About this task
Reproduce the records below exactly as they appear, omitting any pictures they contain.
**********
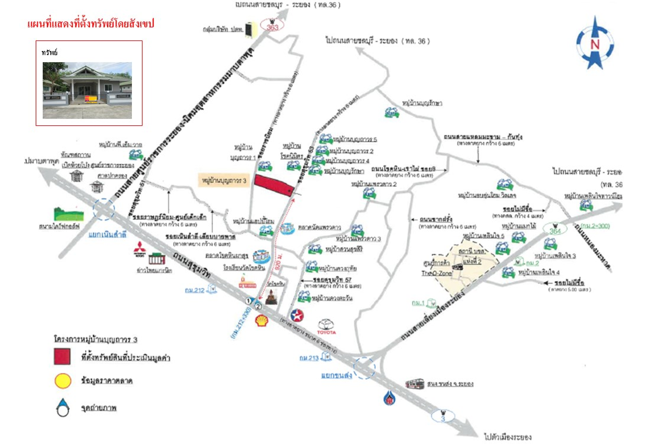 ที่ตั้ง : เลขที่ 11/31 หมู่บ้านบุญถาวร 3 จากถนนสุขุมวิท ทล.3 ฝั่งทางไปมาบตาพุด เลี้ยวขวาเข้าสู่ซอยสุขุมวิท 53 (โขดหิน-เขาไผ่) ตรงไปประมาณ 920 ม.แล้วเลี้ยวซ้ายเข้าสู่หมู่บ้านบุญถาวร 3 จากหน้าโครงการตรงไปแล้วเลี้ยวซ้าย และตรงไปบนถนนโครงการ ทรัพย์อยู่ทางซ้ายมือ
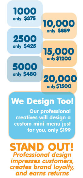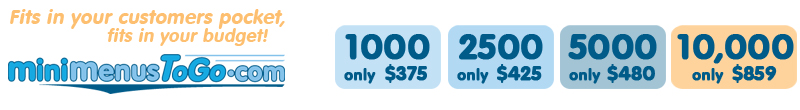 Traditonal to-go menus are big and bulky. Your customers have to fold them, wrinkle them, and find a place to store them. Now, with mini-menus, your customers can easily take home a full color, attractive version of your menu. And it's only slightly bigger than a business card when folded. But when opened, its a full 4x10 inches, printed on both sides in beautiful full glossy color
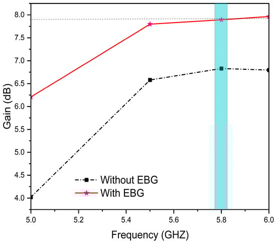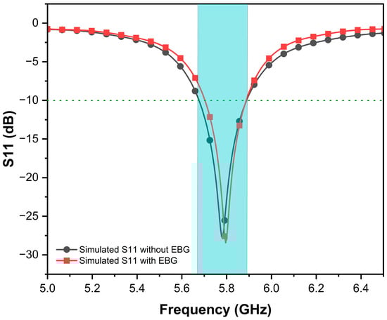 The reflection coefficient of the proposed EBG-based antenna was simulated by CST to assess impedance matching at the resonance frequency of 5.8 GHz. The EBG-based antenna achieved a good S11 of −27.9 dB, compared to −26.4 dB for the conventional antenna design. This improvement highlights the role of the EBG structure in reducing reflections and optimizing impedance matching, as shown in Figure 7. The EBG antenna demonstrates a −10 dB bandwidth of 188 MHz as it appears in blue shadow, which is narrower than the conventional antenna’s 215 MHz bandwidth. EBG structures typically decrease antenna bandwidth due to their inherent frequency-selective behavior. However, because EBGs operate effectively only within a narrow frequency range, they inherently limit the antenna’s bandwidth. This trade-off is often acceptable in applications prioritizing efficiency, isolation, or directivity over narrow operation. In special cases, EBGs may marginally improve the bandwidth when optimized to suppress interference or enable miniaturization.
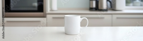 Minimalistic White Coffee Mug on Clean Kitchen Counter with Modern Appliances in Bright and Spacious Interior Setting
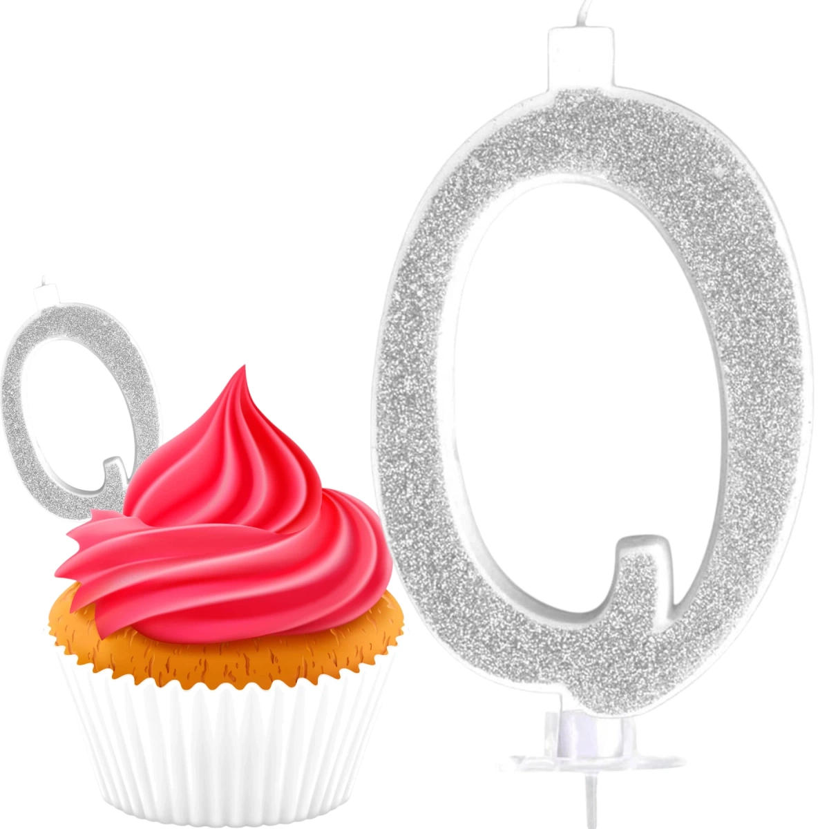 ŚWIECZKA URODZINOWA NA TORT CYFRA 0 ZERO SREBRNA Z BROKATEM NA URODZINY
**********
Response to the exercise
 ที่ตั้ง : เลขที่ 11/31 หมู่บ้านบุญถาวร 3 จากถนนสุขุมวิท ทล.3 ฝั่งทางไปมาบตาพุด เลี้ยวขวาเข้าสู่ซอยสุขุมวิท 53 (โขดหิน-เขาไผ่) ตรงไปประมาณ 920 ม.แล้วเลี้ยวซ้ายเข้าสู่หมู่บ้านบุญถาวร 3 จากหน้าโครงการตรงไปแล้วเลี้ยวซ้าย และตรงไปบนถนนโครงการ ทรัพย์อยู่ทางซ้ายมือ
 Traditonal to-go menus are big and bulky. Your customers have to fold them, wrinkle them, and find a place to store them. Now, with mini-menus, your customers can easily take home a full color, attractive version of your menu. And it's only slightly bigger than a business card when folded. But when opened, its a full 4x10 inches, printed on both sides in beautiful full glossy color
 The reflection coefficient of the proposed EBG-based antenna was simulated by CST to assess impedance matching at the resonance frequency of 5.8 GHz. The EBG-based antenna achieved a good S11 of −27.9 dB, compared to −26.4 dB for the conventional antenna design. This improvement highlights the role of the EBG structure in reducing reflections and optimizing impedance matching, as shown in Figure 7. The EBG antenna demonstrates a −10 dB bandwidth of 188 MHz as it appears in blue shadow, which is narrower than the conventional antenna’s 215 MHz bandwidth. EBG structures typically decrease antenna bandwidth due to their inherent frequency-selective behavior. However, because EBGs operate effectively only within a narrow frequency range, they inherently limit the antenna’s bandwidth. This trade-off is often acceptable in applications prioritizing efficiency, isolation, or directivity over narrow operation. In special cases, EBGs may marginally improve the bandwidth when optimized to suppress interference or enable miniaturization.
 Minimalistic White Coffee Mug on Clean Kitchen Counter with Modern Appliances in Bright and Spacious Interior Setting
 ŚWIECZKA URODZINOWA NA TORT CYFRA 0 ZERO SREBRNA Z BROKATEM NA URODZINY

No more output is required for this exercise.